That's easy and nice. We have not put anything to stop things gracefully when docker stop
time. Currently if we want to stop a service for some reason, we log into the container and execute stop.sh
for a graceful termination. But one could certainly issue docker exec -ti TaskWorker /data/srv/TaskManager/stop.sh
. That's e.g. how we deploy a new version via Jenkins (Wa is changing that to a gitlab pipeline but I think it is same concept).
I am no sure what problem you want to solve. I do not think that you need to trap signals from outside the container. And since you are in control, you do not need to issue docker kill
or 'docker stop` if you do not want to.
Or do you want to use some container management tool ? With one container for agent it seems a bit overkill.
Of course if VM reboots or its hypervisor goes somehow bellyup, there wlll be no graceful stop, but it is extremely rare and hopefully application is not too much stateful.
K8s and "Lassi's application manager" are a different story, we are using what Valentin set up few years ago when he moved CMSWEB to K8s. I know that Wa has changed things a bit for the rpm-free version, but if I try to summarize I will make mistakes.
@belforte, the new PyPI image still not dealing with termination properly. Sorry, I just discovered this when Alan tag us on this issue.
I use tini as PID 1 to execute /bin/sh -c sh /data/run.sh
where it runs sleep forever. tini
does not propagate signal to main python processes, but only helps container shutdown faster by tini
getting terminated (bash
as PID 1 does not) and OS reap other processes inside the container with SIGKILL. We still need trap signal in /data/run.sh
to terminate python process gracefully.
The start, stop, and running of the latest version from git are so convenient for us to test/debug inside the container on-the-fly. So, the double fork and sleep forever loop are still needed for us unless we discover a better way to test/debug and whether it is worth changing this behavior.
@novicecpp but we can still do docker exec -ti TaskWorker /data/srv/TaskManager/stop.sh
right ? I have not understood yet which exact problem Alan (or us) needs to solve. Maybe we can talk inside CRAB first.

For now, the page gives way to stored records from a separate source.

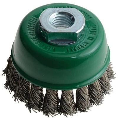 General description This Stainless Steel Wire Mesh Broom, Model 482817 by Leßmann, features a smooth, braided design embedded in a robust steel body. It is engineered for heavy-duty cleaning and surface preparation tasks, offering highly aggressive brushing power and excellent wear resistance. Technical specifications Brush type: braided wire Material: steel Maximum rotational speed: 12,500 rpm Useful length: 20 mm Diameter: 65 mm Thread size: M14 internal threading Wire gauge: 0.50 Wire type: stainless steel Compatibility and accessories Compatible with angle grinders with M14 threaded spindle Installation Install the brush onto the angle grinder's M14 spindle, ensuring it is securely tightened before use. Usage Use for aggressive cleaning, rust removal, and surface preparation on metal surfaces. Operate at a maximum of 12,500 rpm for safety and optimal performance. Other information
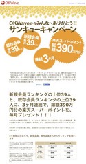 実施概要:「OKWave」にて、「質問」に対して投稿された「回答」への評価指標にて期間中の新規会員、既存会員それぞれの上位39名に楽天スーパーポイントを進呈(※2)。
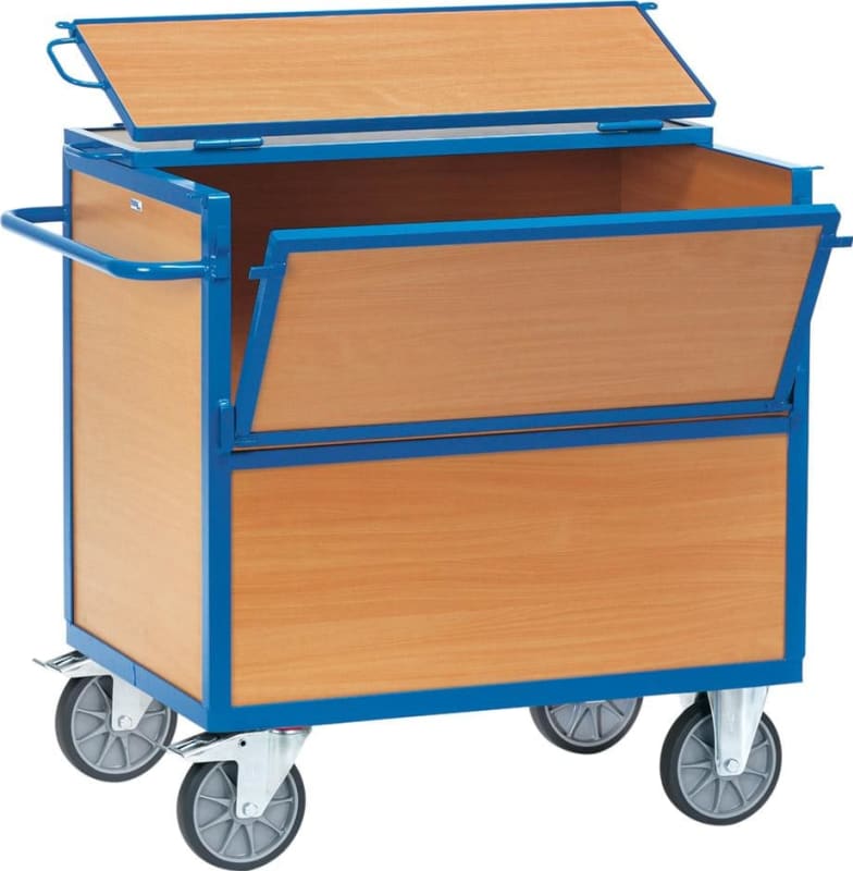 Kastenwagen (Holzwände) mit abklappbarer Wand und Deckel • Stahlrohr-/Profilstahl-Konstruktion: geschweißt, pulverbeschichtet in RAL 5007 brillantblau • Deckel: zweifach klappbar, mit Ring-Ösen für Vorhängeschlösser • Rollen: 2 Bockrollen, 2 Lenkrollen mit Feststeller, gemäß der Europäischen Norm EN 1757-3 (Sicherheit von Plattformwagen) • Räder: TPE-Bereifung, 200 x 50 mm, leichtlaufend • Naben: Rillenkugellager Hinweis: Fest verschweißte Ausführung.
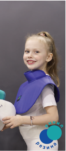 Пелерина защищает плечевой пояс и верхнюю часть грудной клетки пациента при черепных и стоматологических исследованиях. Стойка закрывает щитовидную железу.
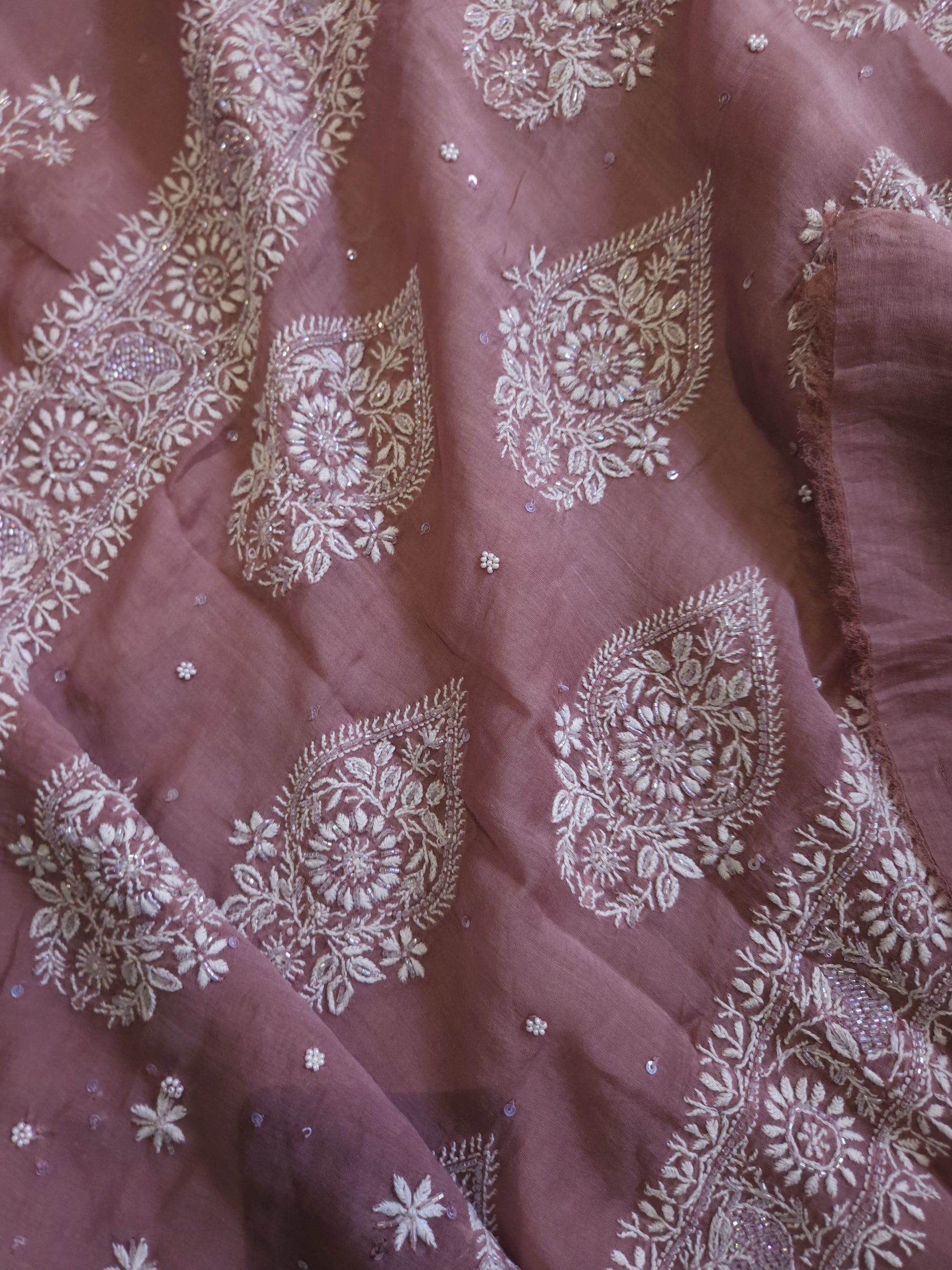 Authentic Luckhnowi Handwork Chikankari; with four side border booties Dupatta along with embellishmenst of katdana and sequin
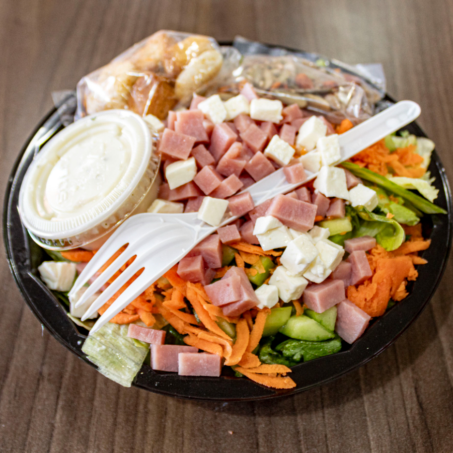 Mezcla de lechugas, pepino, panela, zanahoria, proteína a elegir (pollo o jamón), con aderezos, semillas y crutones.
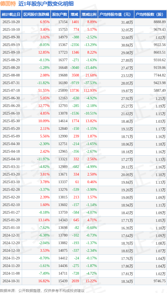 从股价来看,2025年10月10日至2025年10月20日,德固特区间涨幅为6.95%,在此期间股东户数增加1401.0户,增幅为8.89%。
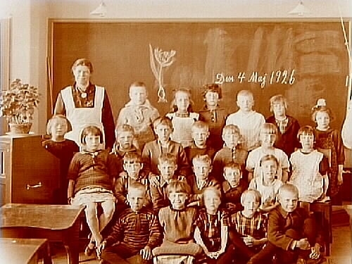 Engelbrektsskolan, klassrumsinteriör, 23 skolbarn med lärare, klass 1, sal 6.
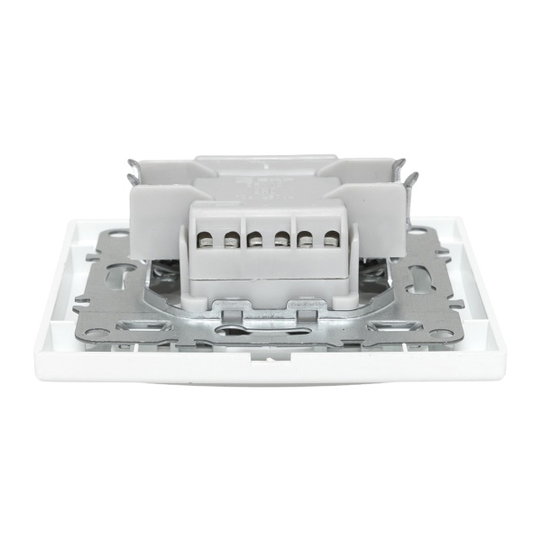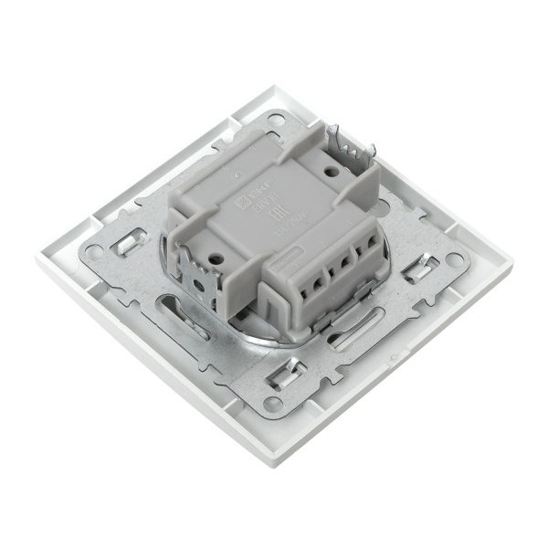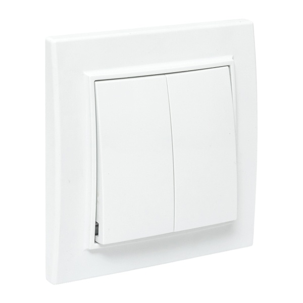 Двухклавишный проходной выключатель для скрытой установки в сухих помещениях, белого цвета, ЕКФ серии Минск. ERV10-027-10
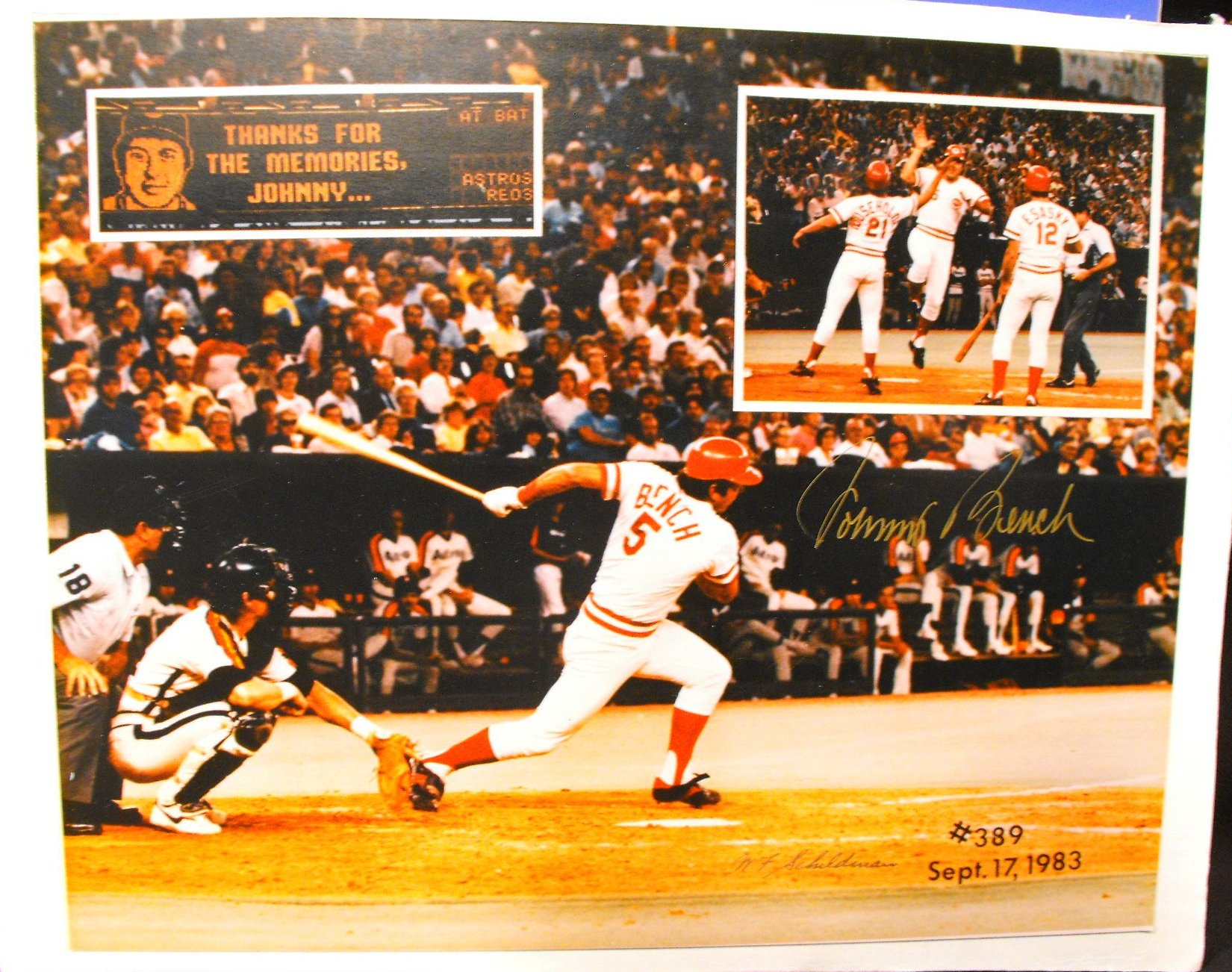 1983 Johnny Bench Home Run 389 Signed Matted And Framed Baseball Display Coa

Thanks for the hint Stefano, indeed that is something we can do for WMAgent
as well. I'll give it a try in parallel to an idea or two that also come to mind.
@khurtado if you don't have alternative to propose, I can start testing @todor-ivanov 's suggestion
@anpicci Yes please, sounds good to me.
@anpicci I see you have many other tests in your pipeline. As this might require modifications and further debugging, I would highly recommend to leave this one up to @khurtado (and we/you help him on demand).
@amaltaro stepping back for now, and possibly helping if necessary, is fine with me. How does that sound @khurtado?
@anpicci Sounds good to me.
I created another version based on Todor's solution.
https://github.com/dmwm/CMSKubernetes/pull/1488
Whenever you can, could you test it?
Still pending final validation of https://github.com/dmwm/CMSKubernetes/pull/1491, reopening.